→ WHAT NEEDS TO BE DONE: With pictures excluded, output exactly the lines that run from the first line of the data below through the line containing "Boy tries to".

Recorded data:
=== Begin Enclosure ===

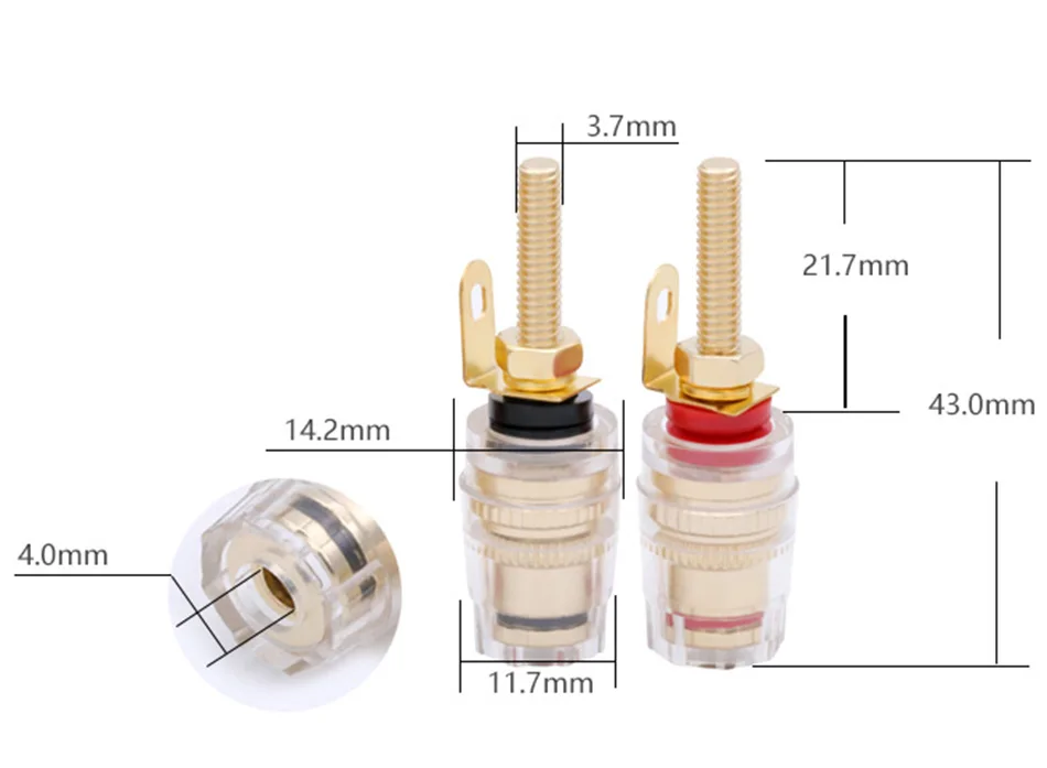 4 шт., позолоченные клеммы для кабеля, 4 мм
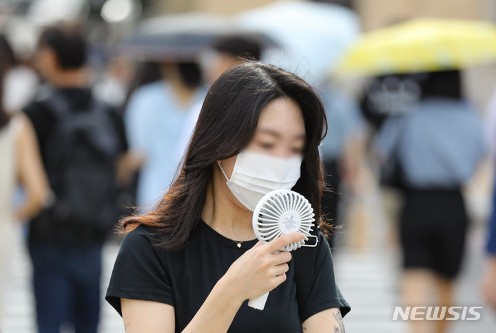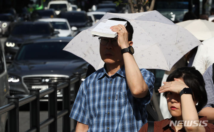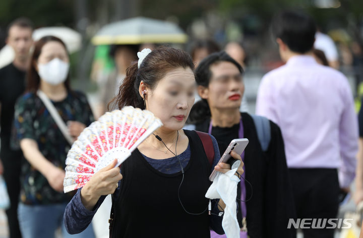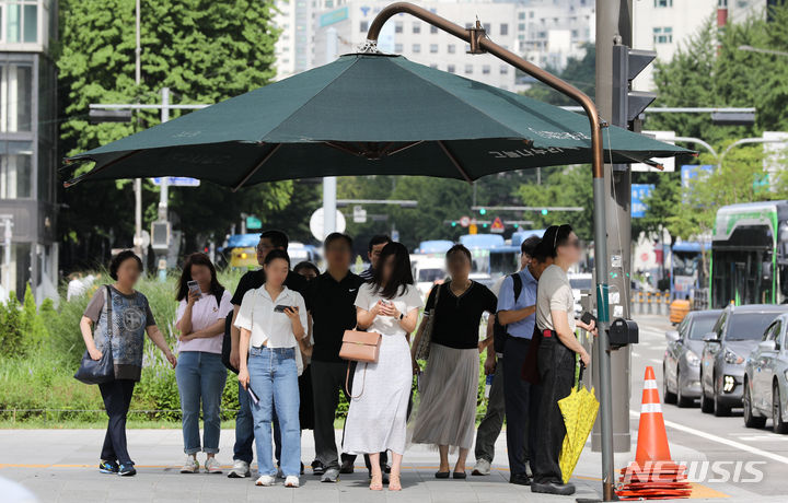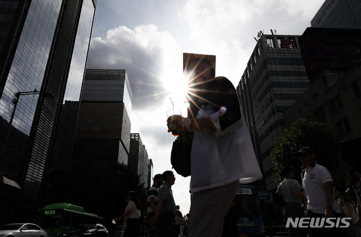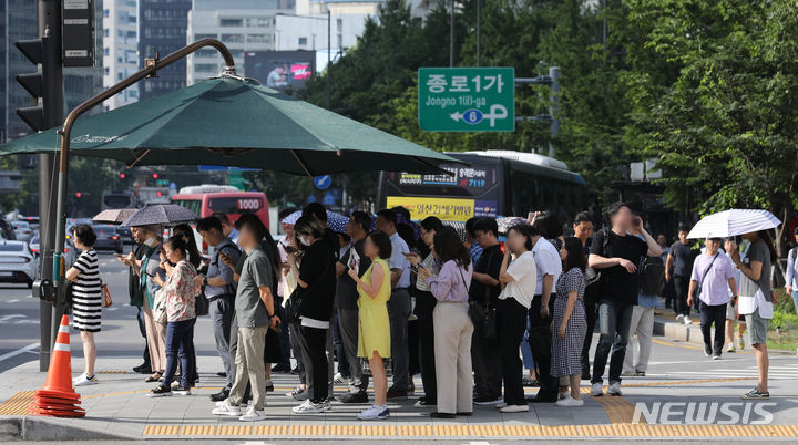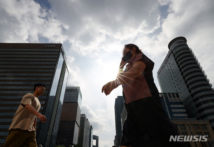 梅雨が明け、朝早くから蒸し暑い27日午前、ソウル市鍾路区の世宗路交差点を足早に通り過ぎる市民たち。
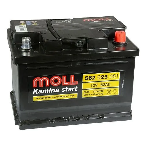 Аккумулятор Moll Kamina Start 62SR низкий 510A (562 025 051) 62Ач 510А, обратная полярность
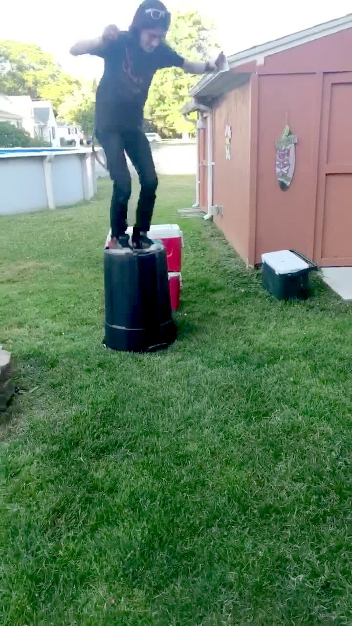 Boy tries to jump over camera on trash can in driveway, knocks garbage can and camera over.
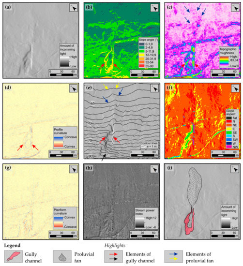 Visualization of topography of a small gully on HR LiDAR imagery: (a) the semi-transparent (50%) hillshade map 45°/45° over the hillshade map 315°/45°; (b) the slope map; (c) the topographic roughness map; (d) the profile curvature map; (e) the contour line map over the hillshade map; (f) the aspect map; (g) the planform curvature map; and (h) the stream power index map. (i) The hillshade map with delineated polygons representing the gully channel and the proluvial fan.
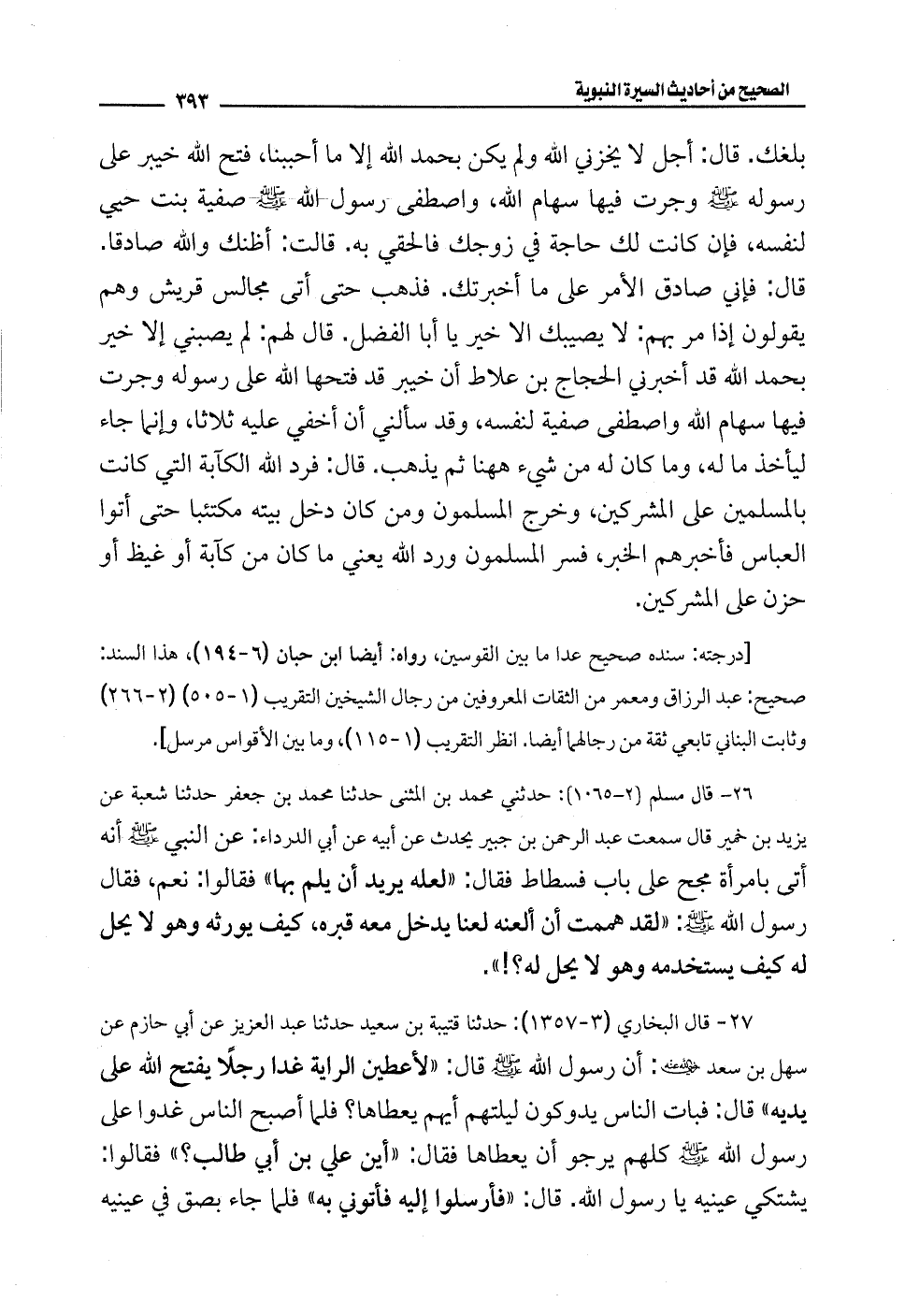 26 - قال مسلم (2 - 1065): حدثني محمَّد بن المثنى حدثنا محمَّد بن جعفر حدثنا شعبة عن يزيد بن خمير قال سمعت عبد الرحمن بن جبير يحدث عن أبيه عن أبي الدرداء: عن النبي - صلى الله عليه وسلم - أنه أتى بامرأة مجح على باب فسطاط فقال: "لعله يريد أن يلم بها" فقالوا: نعم، فقال رسول الله - صلى الله عليه وسلم -: "لقد هممت أن ألعنه لعنا يدخل معه قبره، كيف يورثه وهو لا يحل له كيف يستخدمه وهو لا يحل له؟! ".

=== End Enclosure ===

→ FINISHED EXERCISE:
 4 шт., позолоченные клеммы для кабеля, 4 мм
 梅雨が明け、朝早くから蒸し暑い27日午前、ソウル市鍾路区の世宗路交差点を足早に通り過ぎる市民たち。
 Аккумулятор Moll Kamina Start 62SR низкий 510A (562 025 051) 62Ач 510А, обратная полярность
 Boy tries to jump over camera on trash can in driveway, knocks garbage can and camera over.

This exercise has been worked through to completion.